| About this task |
Exactly retype the lines from the top of the data through the line containing "Размеры без патрубков", leaving out every picture.

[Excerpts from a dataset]
________
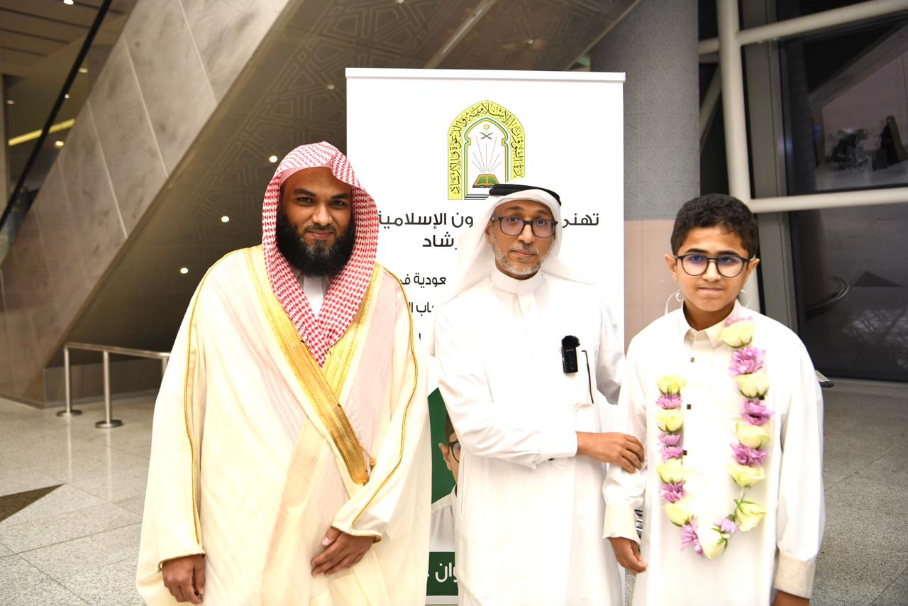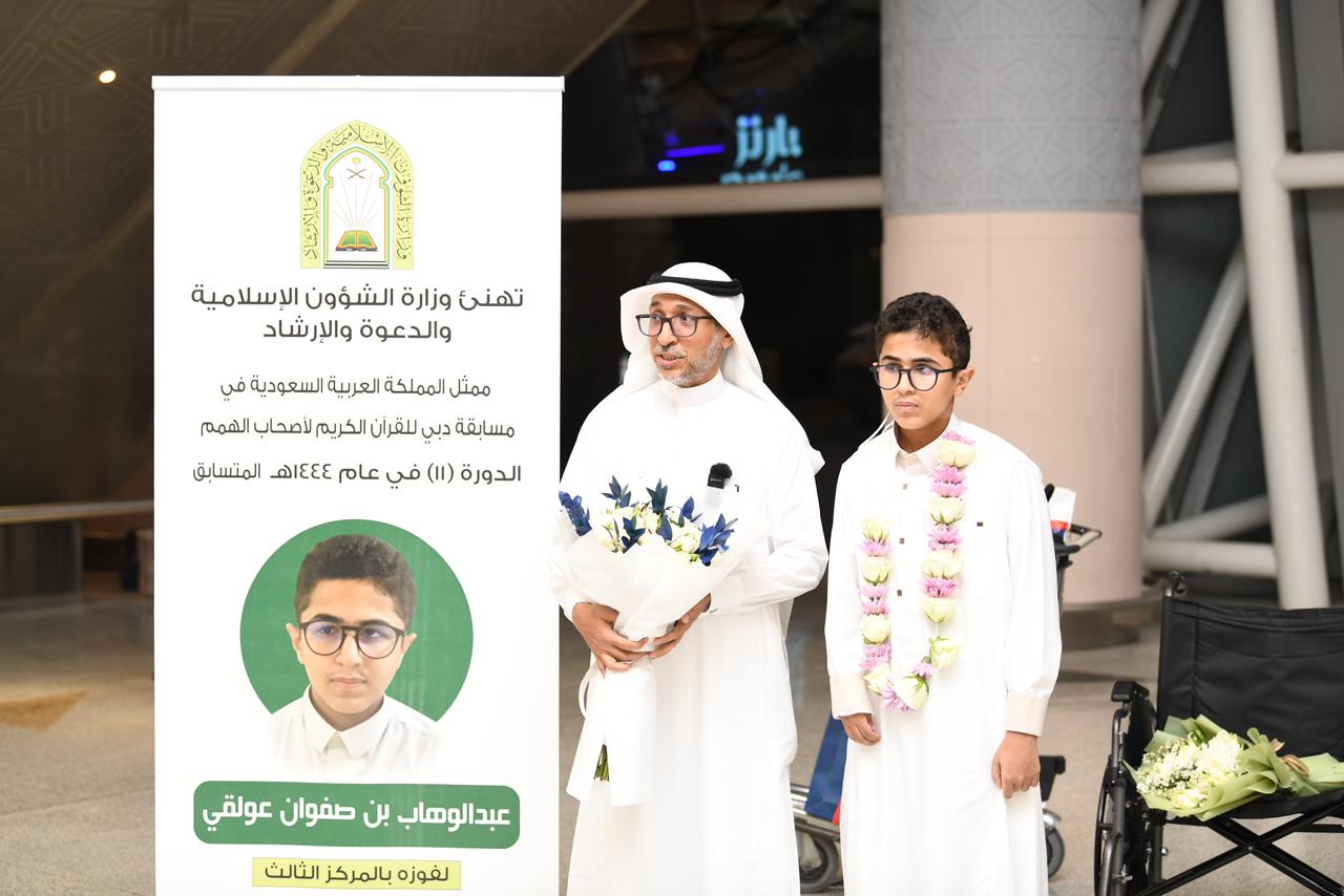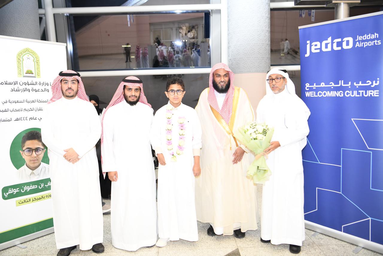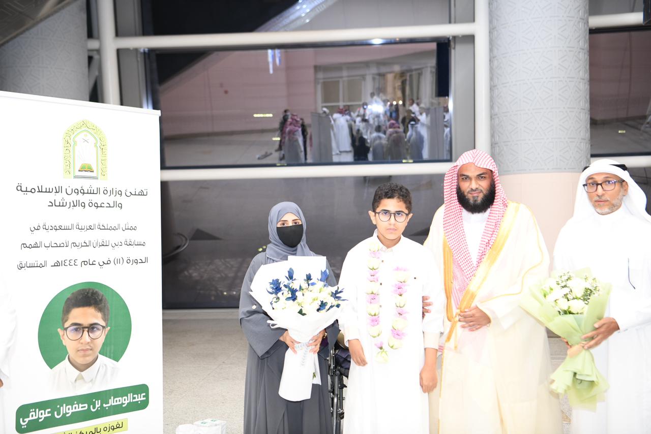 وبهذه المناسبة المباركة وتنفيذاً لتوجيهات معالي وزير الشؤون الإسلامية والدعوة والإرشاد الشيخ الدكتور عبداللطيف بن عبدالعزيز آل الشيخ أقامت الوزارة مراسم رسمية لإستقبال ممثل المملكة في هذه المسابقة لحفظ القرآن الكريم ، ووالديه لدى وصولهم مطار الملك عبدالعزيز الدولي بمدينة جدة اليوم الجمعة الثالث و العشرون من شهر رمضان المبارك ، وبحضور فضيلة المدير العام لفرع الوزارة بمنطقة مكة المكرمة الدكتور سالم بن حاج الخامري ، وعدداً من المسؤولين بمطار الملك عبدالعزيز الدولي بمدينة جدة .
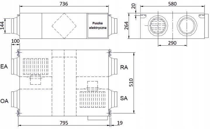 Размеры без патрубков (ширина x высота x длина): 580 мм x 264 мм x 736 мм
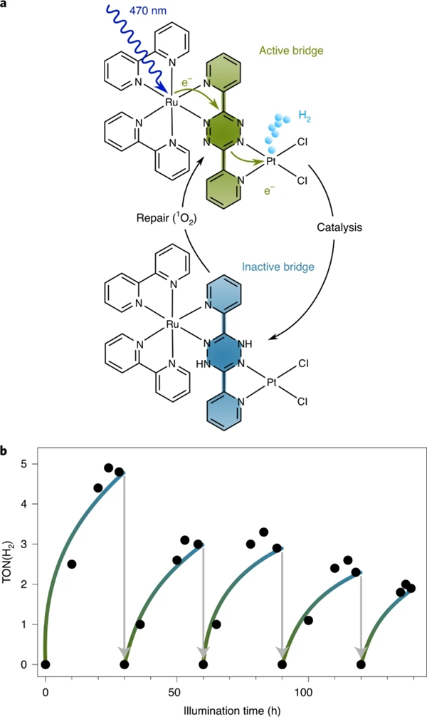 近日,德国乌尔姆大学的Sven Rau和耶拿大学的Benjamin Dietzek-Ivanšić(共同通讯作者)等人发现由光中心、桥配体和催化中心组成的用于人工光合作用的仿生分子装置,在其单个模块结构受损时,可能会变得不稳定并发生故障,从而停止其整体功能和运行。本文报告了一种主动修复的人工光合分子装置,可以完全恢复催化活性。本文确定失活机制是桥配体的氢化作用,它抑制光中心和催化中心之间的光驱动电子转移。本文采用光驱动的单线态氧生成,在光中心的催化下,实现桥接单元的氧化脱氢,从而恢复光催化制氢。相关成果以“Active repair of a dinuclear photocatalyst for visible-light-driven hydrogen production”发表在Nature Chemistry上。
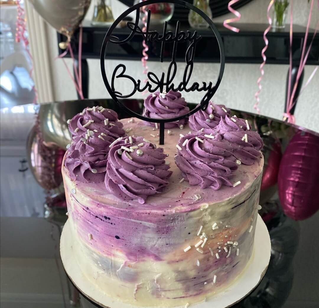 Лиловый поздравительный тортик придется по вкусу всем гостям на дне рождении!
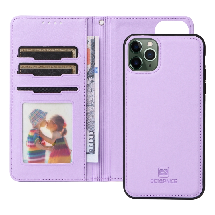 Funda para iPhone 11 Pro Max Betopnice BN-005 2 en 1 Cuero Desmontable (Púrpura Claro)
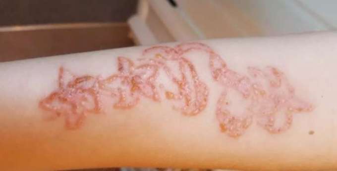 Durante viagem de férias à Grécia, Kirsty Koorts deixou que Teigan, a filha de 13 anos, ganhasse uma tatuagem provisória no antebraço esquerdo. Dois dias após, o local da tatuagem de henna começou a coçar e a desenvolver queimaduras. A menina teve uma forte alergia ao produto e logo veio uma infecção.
________
| Answer for the task |
 وبهذه المناسبة المباركة وتنفيذاً لتوجيهات معالي وزير الشؤون الإسلامية والدعوة والإرشاد الشيخ الدكتور عبداللطيف بن عبدالعزيز آل الشيخ أقامت الوزارة مراسم رسمية لإستقبال ممثل المملكة في هذه المسابقة لحفظ القرآن الكريم ، ووالديه لدى وصولهم مطار الملك عبدالعزيز الدولي بمدينة جدة اليوم الجمعة الثالث و العشرون من شهر رمضان المبارك ، وبحضور فضيلة المدير العام لفرع الوزارة بمنطقة مكة المكرمة الدكتور سالم بن حاج الخامري ، وعدداً من المسؤولين بمطار الملك عبدالعزيز الدولي بمدينة جدة .
 Размеры без патрубков (ширина x высота x длина): 580 мм x 264 мм x 736 мм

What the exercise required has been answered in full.